> **Records shown**
★ ★ ★ ★
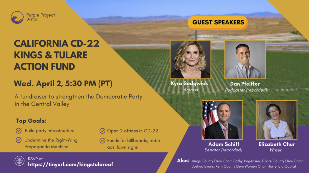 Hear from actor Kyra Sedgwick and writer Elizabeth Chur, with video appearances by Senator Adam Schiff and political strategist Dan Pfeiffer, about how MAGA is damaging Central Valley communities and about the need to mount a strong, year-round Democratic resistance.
★ ★ ★ ★
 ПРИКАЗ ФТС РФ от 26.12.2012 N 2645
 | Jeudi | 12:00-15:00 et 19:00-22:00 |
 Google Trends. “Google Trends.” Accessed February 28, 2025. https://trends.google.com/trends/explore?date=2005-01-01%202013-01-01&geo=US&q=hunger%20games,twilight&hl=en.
★ ★ ★ ★
> **Task instructions**
Your task is to retype the entries verbatim, starting with the line that holds "ПРИКАЗ ФТС РФ от 26.12.2012 N 2645" and stopping after the line that holds "February 28, 2025.".

> **Answer below**
 ПРИКАЗ ФТС РФ от 26.12.2012 N 2645
 | Jeudi | 12:00-15:00 et 19:00-22:00 |
 Google Trends. “Google Trends.” Accessed February 28, 2025. https://trends.google.com/trends/explore?date=2005-01-01%202013-01-01&geo=US&q=hunger%20games,twilight&hl=en.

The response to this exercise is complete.